This week, scientists in England applied to begin the process of editing human embryos’ DNA. The application comes on the heels of the controversial use of a new technology called CRISPR-CAs9, developed earlier this year by Chinese scientists who intend to use it to edit human DNA. CRISPIR-Cas9 (known commonly as CRISPR) has been in medical headlines several times since its development last year. The controversial technology has caused a rippling effect in the medical community so large that there will be an international discussion regarding the ethical use for research and implementation of the technology later this year in Washington, D.C.
CRISPR can be thought of as an editing machine in a way. Without the medical jargon, basically CRISPR allows us to remove specific genes from embryos in the germ cells. Why is that important? Because unlike previously, the removal of the gene is actually passed on to the offspring; in previous years we could edit the human genome but it would only affect the person without also passing the edited version of the genome to the offspring. Basically by changing the germ cells' DNA in embryos we are altering the genome with permanent consequences.
Scientists view the CRISPR technology as an intriguing and interesting technology but also approach it with an extremely cautious view. For example, the CRISPR technology has the ability to remove diseases in embryos, so we could very realistically remove the genes that cause sickle cell disease. This sounds great at first, but by removing those genes we could cause a second unintended effect. Like, for example, by removing sickle cells (which are found in higher rates in people who live in Africa where malaria is highly prevalent) we could cause people to become more susceptible to malaria which could potentially lead to more malaria related deaths. Sickle cell is a natural defense to malaria which attacks the blood cells; if the blood cells are deformed, like they are in sickle cells, then malaria has a much harder time attack the blood cells. This is only one example that could be a potential side effect of changing the human genome. Moreover, this change would be passed on to future generations who would lose that defense.

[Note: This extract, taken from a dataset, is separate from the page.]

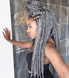 If you want a fun, bold protective style, try these grey chunky box braids. Grey has been a popular color lately and there are no signs that the trend will die anytime soon. Pre-braided crochet box braids can significantly cut down the installation time.

The proponents of CRISPR say that while there are potentially unknown and dangerous side effects, the benefits outweigh them. For example, proponents say that by doing research with DNA editing in embryos we will have a chance to gain an intricate view and understanding of the development of embryos, which would open the doors to a world of possibilities—possibilities that may include a deeper understanding of developmental diseases that can lead to Down syndrome and syndrome X, for example. The proponents want to advocate for use in laboratories on embryos that would not reach development in clinical trials but rather remain in laboratories under regulations. And that is exactly what they will argue for in the international meeting in December in Washington, D.C.
While scientists in China have reported using CRISPR to edit the genome of human embryos, the rest of the world is playing catch-up. Scientists, doctors, and research firms are struggling to grasp the depth of possibility that CRISPR has and will provide and the effects it could have both now and in the future, both intended and unintended. There is no general consensus either, further complicating the issue. The ethics have yet to be decided upon and that is the goal of the meeting in December between the American, British, and Chinese leaders in medical research.
CRISPR can be viewed as a Pandora ’s Box: To some extent, we know that there is potential, but we also don’t understand the consequences that opening the potential could cause. And while the meeting in December may set the parameters for our ethical use of CRISPR, it will fail to put into words whether we can do more good than harm with a technology we only understand in a technical sense. Hindsight, after all, is always 20/20.